In this Notebook we will implement the following functions:

- **`initialize`** → set the initial values of weights `w` and bias `b`  **(For now we will initialize them to zeros)**
- **`sigmoid`** → the activation function that maps inputs into probabilities  
- **`propagate`** → perform forward propagation (compute predictions & cost) and backward propagation (compute gradients)  
- **`optimize`** → update parameters `(w, b)` iteratively using gradient descent  
- **`predict`** → use the learned parameters `(w, b)` to predict labels on new data
- **`LR_model`** → build a logistic regression model using the functions above
- **`plot_learning_curve`** → plot the learning curve of the trained model using costs and matplotlib

By the end of this notebook, you’ll see how logistic regression works end-to-end:
1. Initialize parameters  
2. Learn them through optimization  
3. Predict outcomes on unseen examples  

This workflow is the **blueprint** for training more complex neural networks in the upcoming notebooks.

The main steps for building a Neural Network are:
1. Define the model structure (such as number of input features) 
2. Initialize the model's parameters
3. Loop:
    - Calculate current loss (forward propagation)
    - Calculate current gradient (backward propagation)
    - Update parameters (gradient descent)

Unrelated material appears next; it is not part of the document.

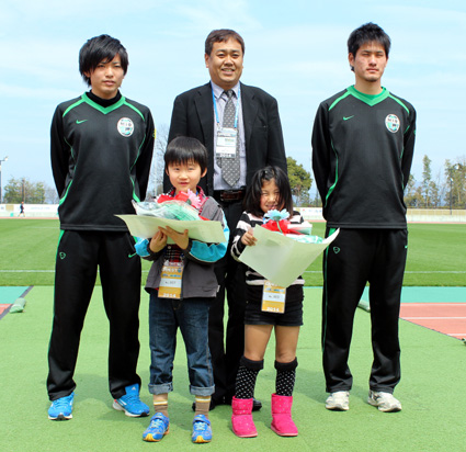 岡本選手自身、今期3ゴール目、三試合連続得点と期待にこたえ、試合後のヒーローインタビューに「後ろの人たちががんばっていてくれたので、どうにか1点取りたかったのでよかった」とチームで決めた決勝ゴールを強調し、「一試合1点をめざしています。得点王をめざしますので、これからも熱い応援をお願いします」と観客席に力強く訴えると、サポーターからは激励の大きな拍手が沸き起こった。

We build each of these seperately, and then put them together in a model function.

In [None]:
# Import requirements
import numpy as np
import copy
import matplotlib.pyplot as plt

# 1 - Initialization of W and b

In [None]:
def Initialize_params(dim):
    """
    Initialize w -> zero vector of shape (dim, 1) and bias b to 0.0

    Args:
    dim(int): size of the w vector we want (or number of parameters in this case -- number of input features)

    Returns:
    w: zero vector of shape (dim, 1)
    b: float set equal to zero
    """

    w = np.zeros((dim, 1), dtype=float)
    b = float(0)

    return {'w': w, 'b': b}

# 2 - Sigmoid Activation Function
We need to implement this function to compute $sigmoid(z) = \frac{1}{1 + e^{-z}}$ for $z = w^T x + b$ to make predictions.

In [None]:
def sigmoid(z):
    """
    Compute sigmoid of z

    Args:
    z: numpy array

    Returns:
    s: sigmoid of z
    """

    s = 1/(1+np.exp(-z))

    return s

# 3 - Forward and Backward propagation
After we initialized the **parameters**, we need now to implement the propagate function **to learn them**.

In [None]:
def propagate(W, b, X, Y):
    """
    Forward and Backward propagation, computing the cost function and its gradients

    Args:
    W: weights, numpy array of size (n_x, 1)
    b: bias, scalar
    X: input data, numpy array of size (n_x, m)
    Y: labels, numpy array of size (1, m)
    NOTE: m is the number of examples and n_x = number of features per input = n_px*n_px*3 (Images)

    Returns:
    cost: computed cost
    grads: dictionary containing dW (gradient of the loss with respect to W, same shape as W)
                                 db (gradient of the loss with respect to b, same shape as b)
    """

    Z = np.dot(W.T, X) + b
    A = sigmoid(Z)

    m = X.shape[1]
    cost = (-1/m) * np.sum(Y*np.log(A) + (1-Y)*np.log(1-A))

    dZ = A - Y
    dW = (1/m) * np.dot(X, dZ.T)
    db = (1/m) * np.sum(dZ)

    cost = np.squeeze(np.array(cost))
    grads = {'dW': dW, 'db': db}

    return cost, grads

# 4 - Optimization
Now after we finished with forward and backward propagation, we have to implement **optimization** to learn W and b using **gradient descent**, by simply **minimizing the cost**.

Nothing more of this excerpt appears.